2. Description of the Related Art

Hitherto, a camera module switchable between a normal photographing mode and a macro photographing mode has been known. In such a camera module, in order to perform focus adjustment according to mode switching, a lens barrel holding a lens is held in a fixed main body. The lens barrel is moved relative to the main body in the direction of the optical axis of the lens, thereby changing the distance between the lens and an image sensor disposed in the main body. Thus, switching between a normal photographing position and a macro photographing position can be performed. Such a camera module is disclosed in, for example, Japanese Unexamined Patent Application Publication No. 2003-337279.

The lens barrel slides with the outer peripheral surface in contact with the inner peripheral surface of the main body so as to prevent foreign matter from entering an optical system held in the lens barrel. However, if the lens barrel is repeatedly moved relative to the main body, foreign matter can be generated by abrasion of the outer peripheral surface of the lens barrel and the inner peripheral surface of the main body. If such foreign matter generated between the main body and the lens barrel enter the optical system, the foreign matter can affect the image obtained in the image sensor.

SUMMARY OF THE INVENTION

The present invention is made in consideration of the above problem. It is an object of the present invention to provide a camera module not allowing foreign matter generated by the sliding of the lens barrel relative to the main body to enter the optical system.

To solve the above problem, in an aspect of the present invention, a camera module includes a lens barrel holding a lens, and a main body holding the lens barrel, the lens barrel being capable of moving relative to the main body in the direction of the optical axis of the lens. The lens barrel has a protuberance on the underside thereof throughout the circumferential direction. The main body has a recess at a position corresponding to the protuberance of the lens barrel throughout the circumferential direction, the recess accommodating the protuberance. The protuberance is formed so as to have a height such that the protuberance is disposed in the recess both before and after the movement of the lens barrel relative to the main body in the direction of the optical axis of the lens. Therefore, foreign matter generated by movement of the lens barrel relative to the main body can be prevented from entering the inner peripheral side where an optical system is disposed.
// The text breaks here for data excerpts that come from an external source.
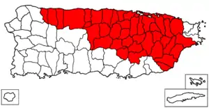 ![]() Mapa de Puerto Rico destacando el área metropolitana de San Juan-Caguas-Guaynabo (MSA) | ||
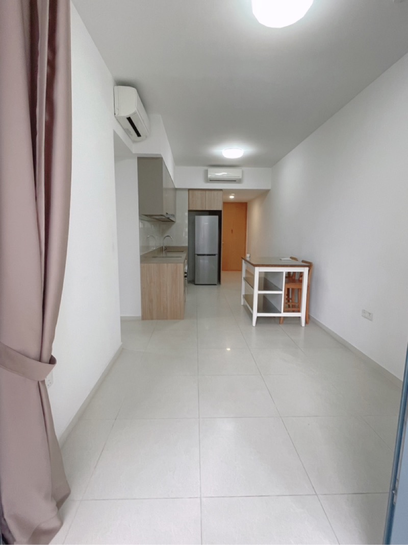 Step into a world of elegance and tranquility as you enter this brand-new 3-bedroom unit at Twin Vew. The abundant natural light floods through the floor-to-ceiling windows, offering stunning views of the pool, greenery, and the vibrant city skyline. The airy ambiance is complemented by light-colored tiled flooring, creating a welcoming atmosphere that invites relaxation.
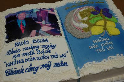 Chiếc bánh cake do đài phát thanh Radio Bolsa tặng nhà báo Sơn Điền Nguyễn Viết Khánh nhân dịp ra mắt sách "Những Mùa Xuân Trở Lại" (Hình Đỗ Dzũng/Người Việt)
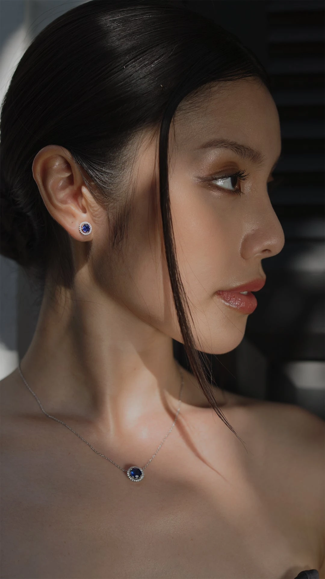 Gwen Sapphire Blue Studs White Gold Plated
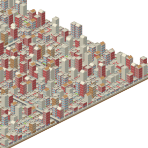 When I started this project, I planned to simply create a tile matrix and walk through the matrix generating a random tile for each space in the map. However, as soon as I started creating the code, I realized it was much more complicated. Roads are connected together. You don’t want a road tile randomly interspersed with buildings. In addition, the roads have to make sense.
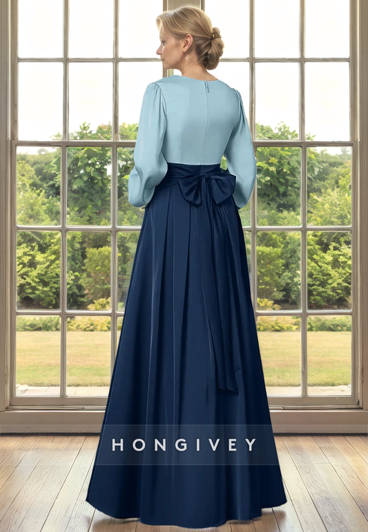 A-Line Long Sleeve V-Neck Two Tone With Side Slit Mother of the Bride Dress
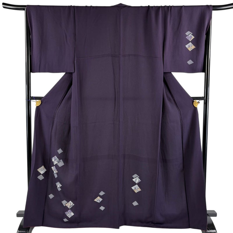 【付下げ】 紫系 濃紫 秀品 A 約160cm~約169cm 裄丈67cm-68cm (L)size 袖丈49cm 7990-9980 美品 二万以下
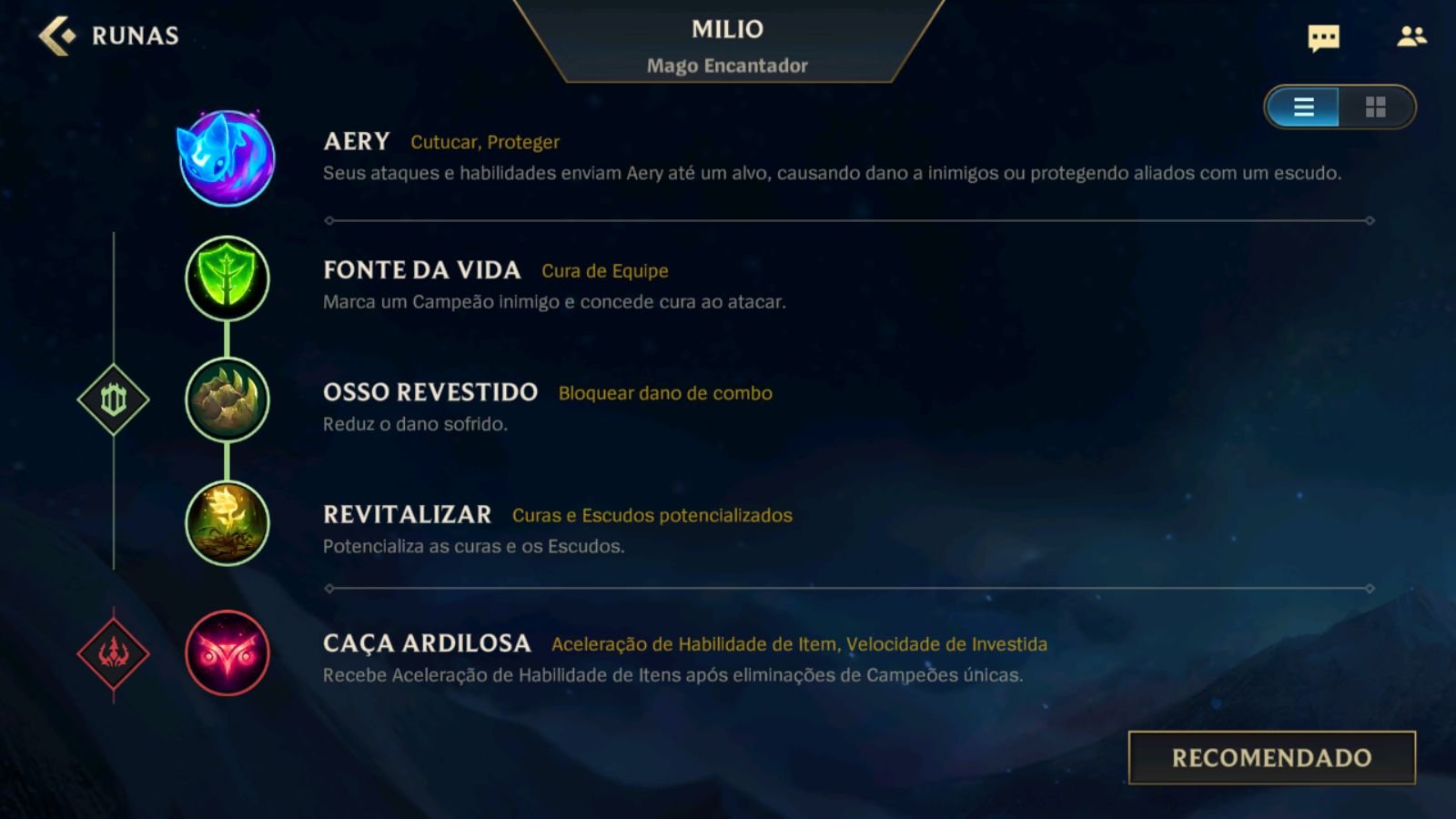 A runa principal de Milio no Wild Rift deve ser Aery, por ser a escolha que auxilia o campeão no seu potencial de poke, principalmente na fase de rotas. As runas secundárias são as seguintes:
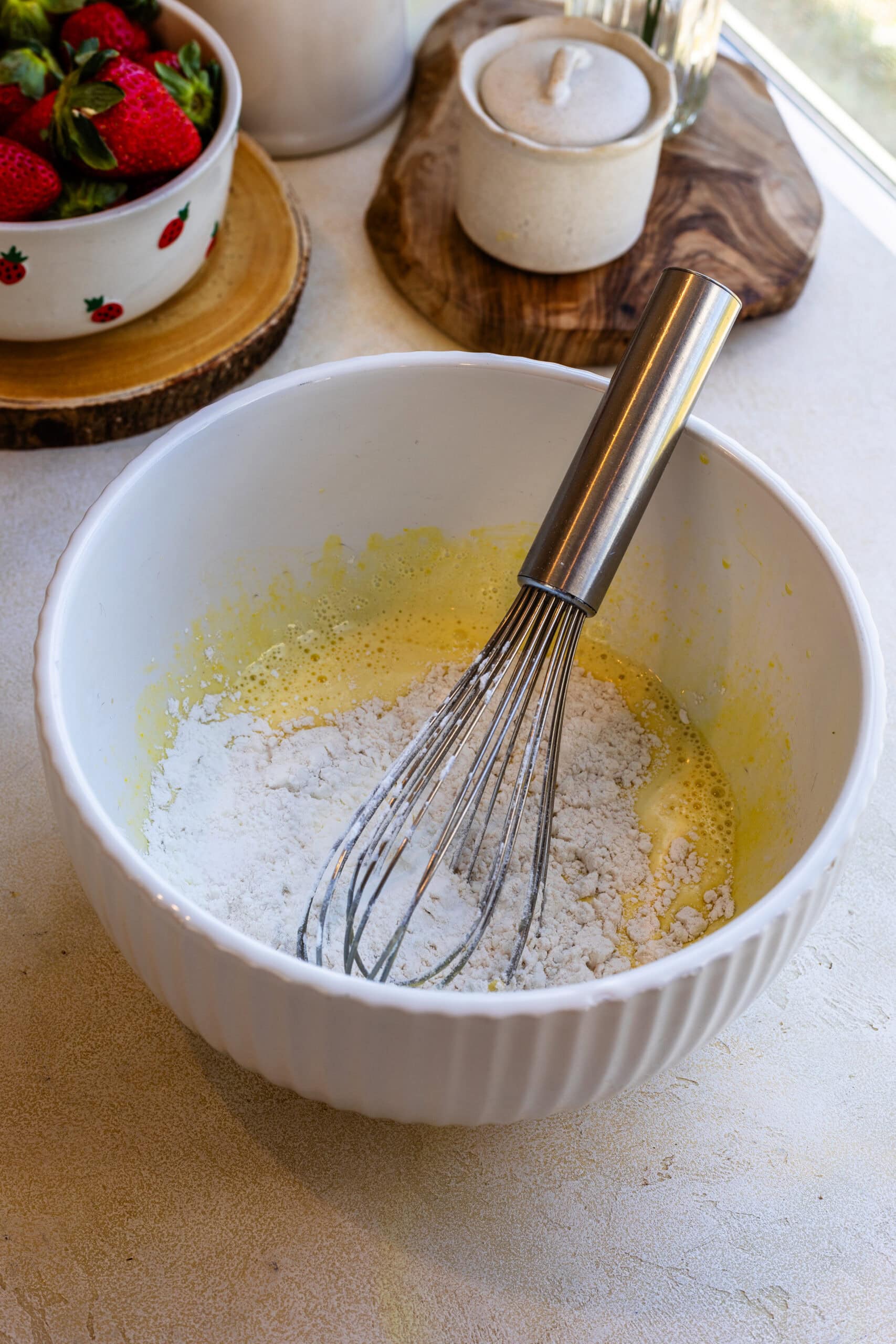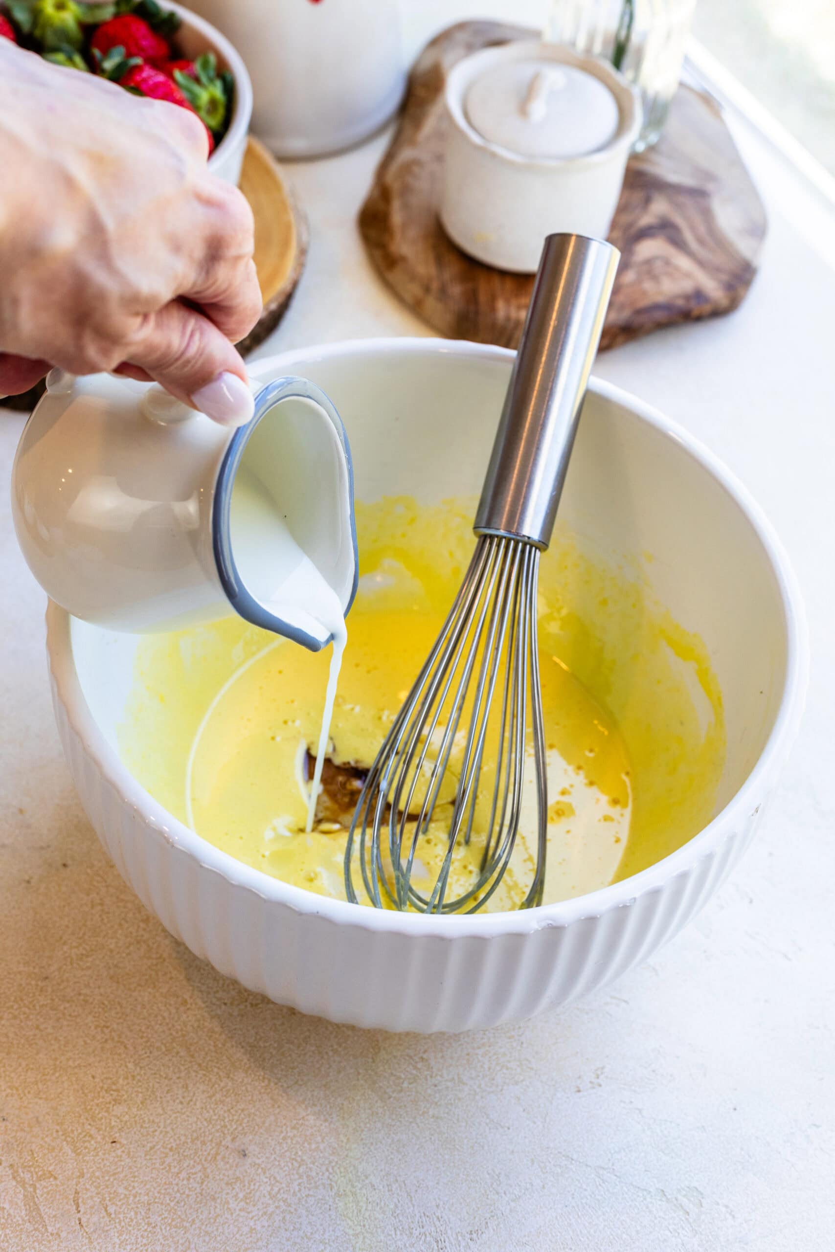 - Add the melted butter and whisk. Add the milk and the vanilla and whisk until combined.
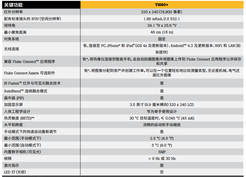 Fluke TiS60+ 紅外熱像儀 30Hz包括:
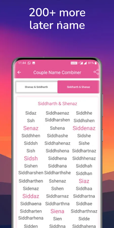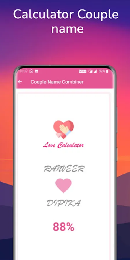 Using Couple Name Combiner App, you can Generate/Combine/Mix:
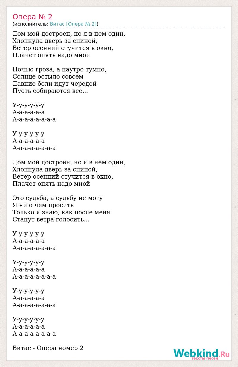 Дом мой достроен, но я в нем один, Хлопнула дверь за спиной, Ветер осенний стучится в окно, Плачет опять надо мной Ночью гроза, а наутро тумно, Солнце остыло совсем Давние боли идут чередой Пусть собираются все... У-у-у-у-у-у А-а-а-а-а-а А-а-а-а-а-а-а-а У-у-у-у-у-у А-а-а-а-а-а А-а-а-а-а-а-а-а Дом мой достроен, но я в нем один, Хлопнула дверь за спиной, Ветер осенний стучится в окно, Плачет опять надо мной Это судьба, а судьбу не могу Я ни о чем просить Только я знаю, как после меня Станут ветра голосить... У-у-у-у-у-у А-а-а-а-а-а А-а-а-а-а-а-а-а У-у-у-у-у-у А-а-а-а-а-а А-а-а-а-а-а-а-а У-у-у-у-у-у А-а-а-а-а-а А-а-а-а-а-а-а-а У-у-у-у-у-у А-а-а-а-а-а А-а-а-а-а-а-а-а Витас - Опера номер 2
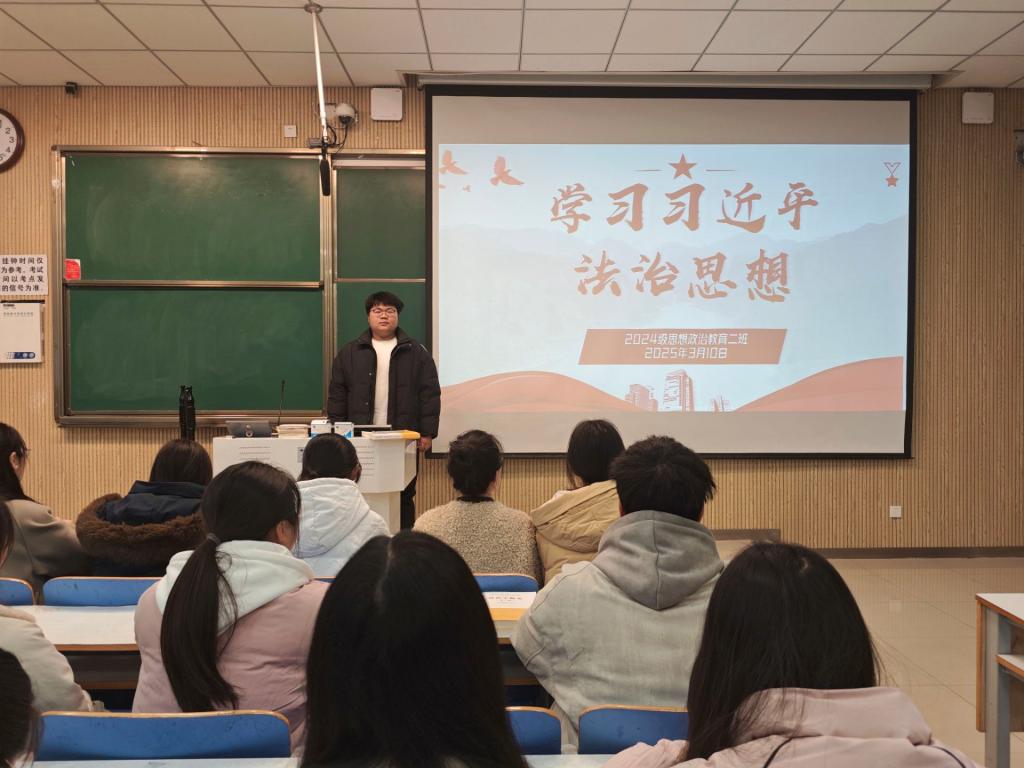 为深入学习习近平法治思想,引导学生增强法治意识,树立法治信仰,3月10日下午,小说狂人 2024级思想政治教育二班在社科楼515教室举办了“学习习近平法治思想”主题班会。本次班会由团支书王志颖主持,二班全体同学积极参与。
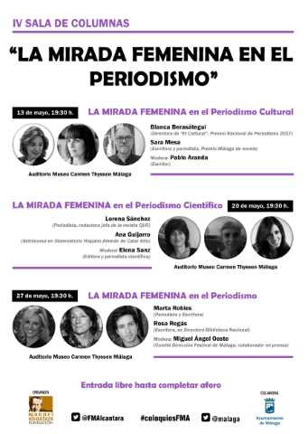 Viernes, 24 de mayo de 2019.- La periodista Marta Robles y la escritora Rosa Regás participarán este lunes en la mesa de debate ‘La mirada femenina en el periodismo’, que se celebrará a las 19.30 horas en el auditorio del Museo Carmen Thyssen Málaga y que estará moderada por el crítico de cine y televisión Miguel Ángel Oeste. Será el último encuentro del ciclo ‘Sala de Columnas’, organizado por la Fundación Manuel Alcántara en colaboración con el Ayuntamiento de Málaga.
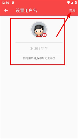 6、在用户名设置页面,设置3~20个字符的用户名后,点击完成,完成账号注册操作。
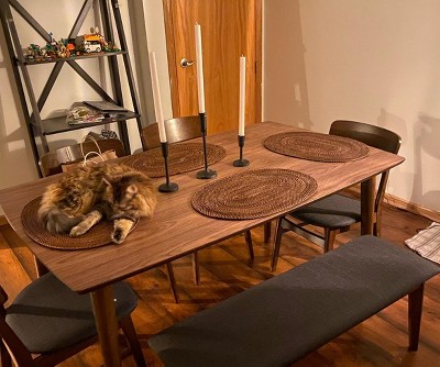 I love the size and possibility of arrangements with this dining set. The finish has a nice natural look. The bench side is so practical for hosting guests. The table fits our family and a few guests, yet it seems to fill our dining room or fit in our cozy nook. It’s just right!
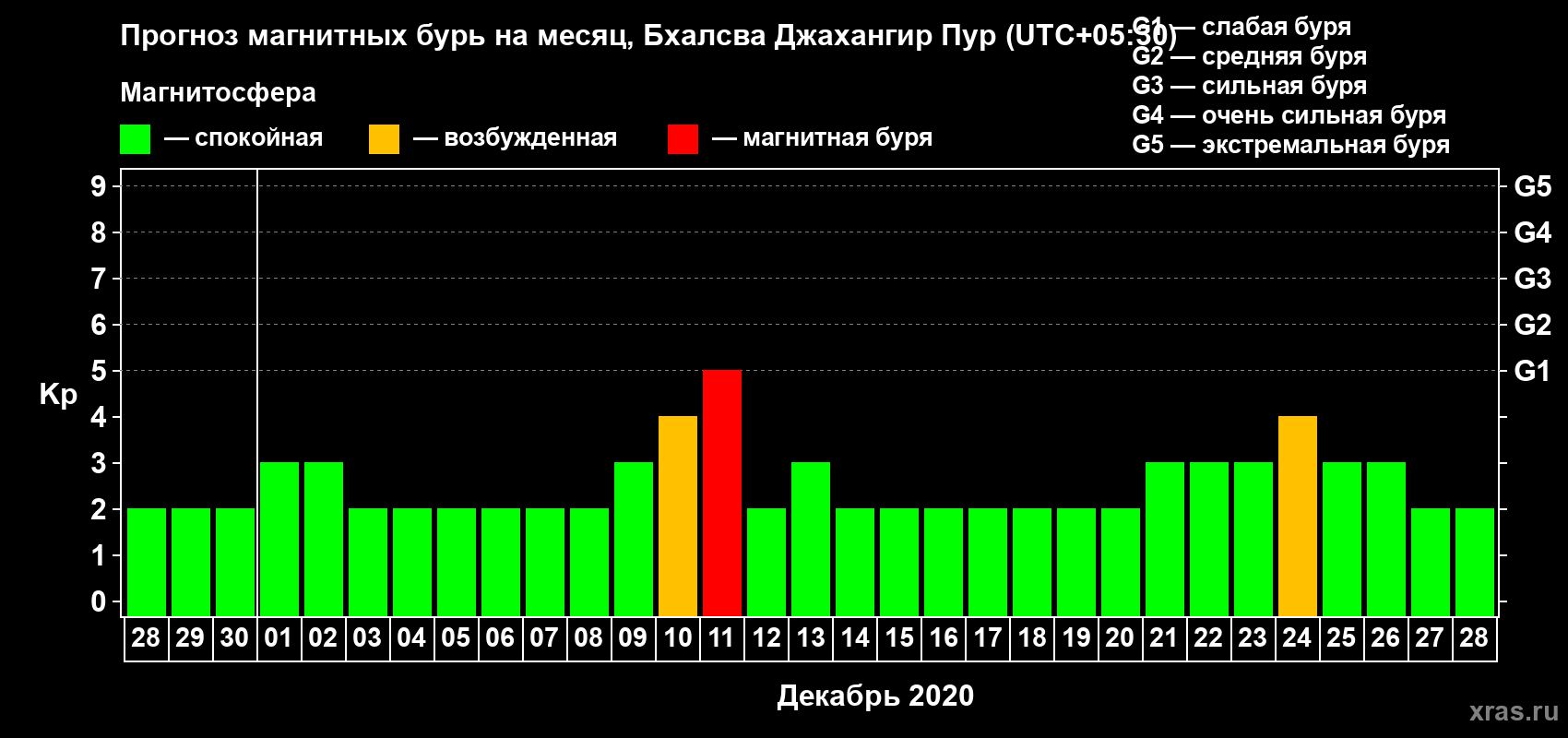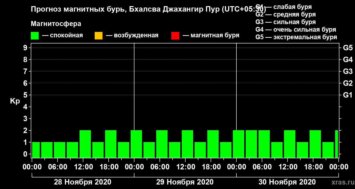 Прогноз магнитных бурь в Бхалсва Джахангир Пуре — 28 ноября 2020 года
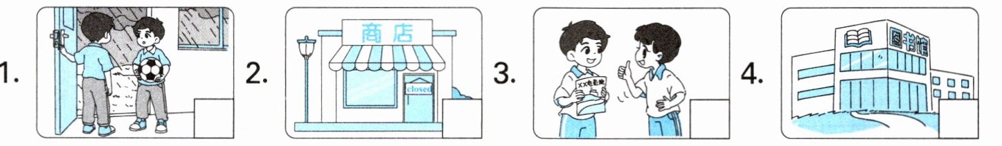 二、看图,根据同学们的活动,选择正确的选项补全他们的对话。

In another aspect of the present invention, a camera module includes a lens barrel holding a lens, and a main body holding the lens barrel, the lens barrel being capable of moving relative to the main body in the direction of the optical axis of the lens. The lens barrel has a recess in the underside thereof throughout the circumferential direction. The main body has a protuberance at a position corresponding to the recess of the lens barrel throughout the circumferential direction, the protuberance being accommodated by the recess. The protuberance is formed so as to have a height such that the protuberance is disposed in the recess both before and after the movement of the lens barrel relative to the main body in the direction of the optical axis of the lens. Therefore, foreign matter generated by movement of the lens barrel relative to the main body can be prevented from entering the inner peripheral side where an optical system is disposed.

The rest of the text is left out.